Massage can be good for your baby

 

Babies love massages

Touching, kissing, and hugging babies are quite instinctive for mums and dads. It’s the simplest but probably the most significant way of showing love for your child. How many times have you hugged your child to calm his fears in the middle of the night? Or soothe his nerves with kisses when he bruised his knees? Touch is comfort. Touch is love and affection. Touch means everything will turn out right.

While all these may seem sentimental, scientific studies reveal that touch can have a most profound effect on your child’s physical and emotional development.

The romance of touch begins even before the baby is born. Inside the womb, your baby rocks and sways inside the placenta. As the months go by, his world grows closer embracing him evermore. The rocking and swaying is now replaced by a stronger rhythmic motion brought on by contractions-squeezing, pushing and tickling his body all over.

For some young animals, massages are essential. Without the frequent licking of adults, their urinary tracts will not function properly. Stimulation of the skin also helps strengthen the young’s immune system.

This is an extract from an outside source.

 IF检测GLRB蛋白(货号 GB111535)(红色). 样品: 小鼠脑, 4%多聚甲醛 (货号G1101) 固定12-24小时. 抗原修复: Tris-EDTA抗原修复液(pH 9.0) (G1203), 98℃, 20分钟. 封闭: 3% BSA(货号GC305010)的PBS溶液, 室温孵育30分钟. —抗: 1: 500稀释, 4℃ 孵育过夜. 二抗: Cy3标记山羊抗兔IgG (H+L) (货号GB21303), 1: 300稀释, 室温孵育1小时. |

Indeed, an experiment conducted on rats revealed that those gently handled in infancy had a higher serum antibody standard.

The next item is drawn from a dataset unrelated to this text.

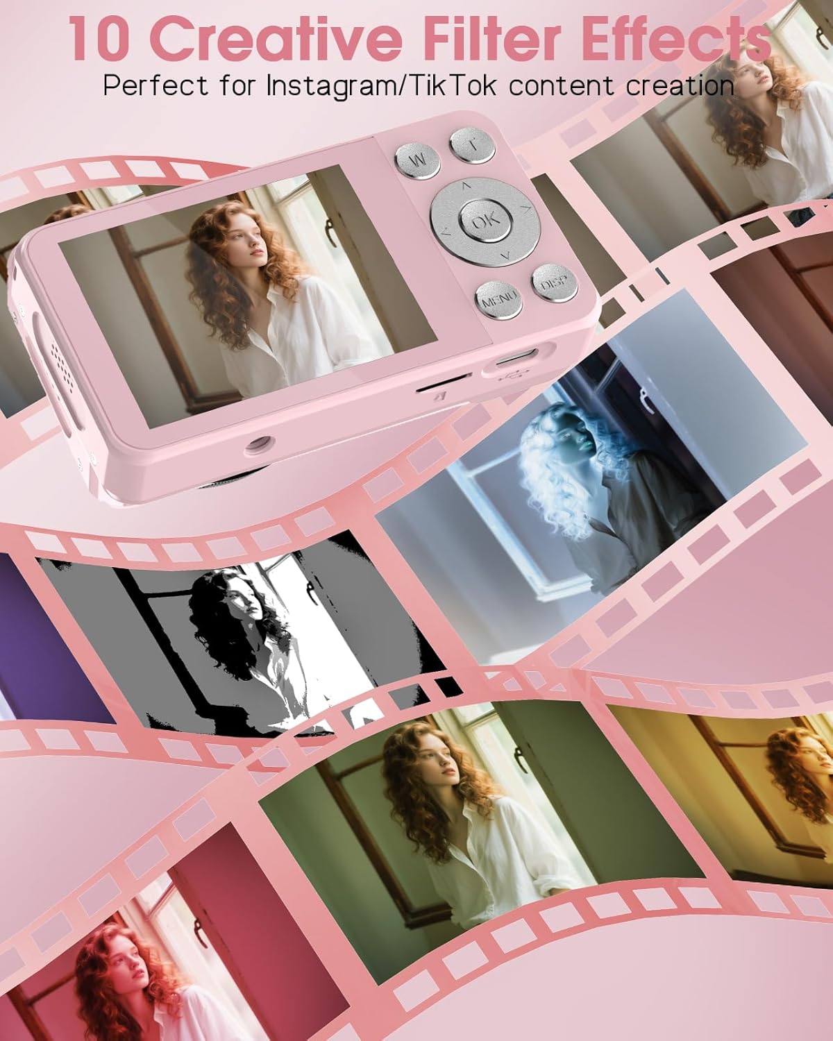 - Shoot Storytelling Images With Ease: This camera's portrait effect is professionally turned and focuses on portrait and close-up photography, perfect for shooting vintage atmosphere, “French oil painting” style photos in bright scenes, and easy to create popular socal media photos and videos without any retouching. 10 filter styles, fill light, more fun and creativity waiting for you to explore!

Physically, massages act in the same way in humans as licking does in animals. Skin sensitivity is one of the earliest developed and most fundamental functions of the body. Indeed, several research studies have detected the sense of touch in human embryos less than eight weeks old. Other senses like taste and smell are linked closely to touch.

In the same way, mums who have meaningful skin contact during pregnancy tend to have an easier time during labour. They also tend to be more responsive to their babies. Touching, holding and caressing her baby helps the new mommy with her milk production. Touch stimulates the secretion of prolactin, the mothering hormone. By regularly touching her baby, she enhances her baby’s well-being and strengthens the relationship between them.

For little babies, a massage is a most luxurious sensual experience. It’s a means of maintaining the child’s health and well-being on many levels. It stimulates your baby’s skin and body, increases cardiac output, helps increase the efficiency of your baby’s respiratory and gastrointestinal functions (most relevant for babies prone to colic).

Baby massages is also a most intimate way to bond with your baby. You get to help your baby relax, stretch out, and experience all these wonderful sensory stimulation with a person she trusts and loves. You help relieve your baby’s stress points and little bits of discomfort. What’s more, massages can be a lot of fun. You can sing to her while kneading her tummy. You can tell her stories. Or you could just say her name over and over again.

Some studies have revealed that lack of early bonding between mother and child may later on give way to child abuse, neglect and failure-to-thrive syndrome. On the other hand, babies and mums who spent a great deal of quality time produced wonderful results. The mums didn’t have problems with breast-feeding and adjusted better to the tasks of motherhood. The babies displayed greater weight gains and subsequently, scored higher in IQ tests.

So, give your babies a little massage today. And she’ll have all these nice memories of warmth, comfort, security, and above all, love.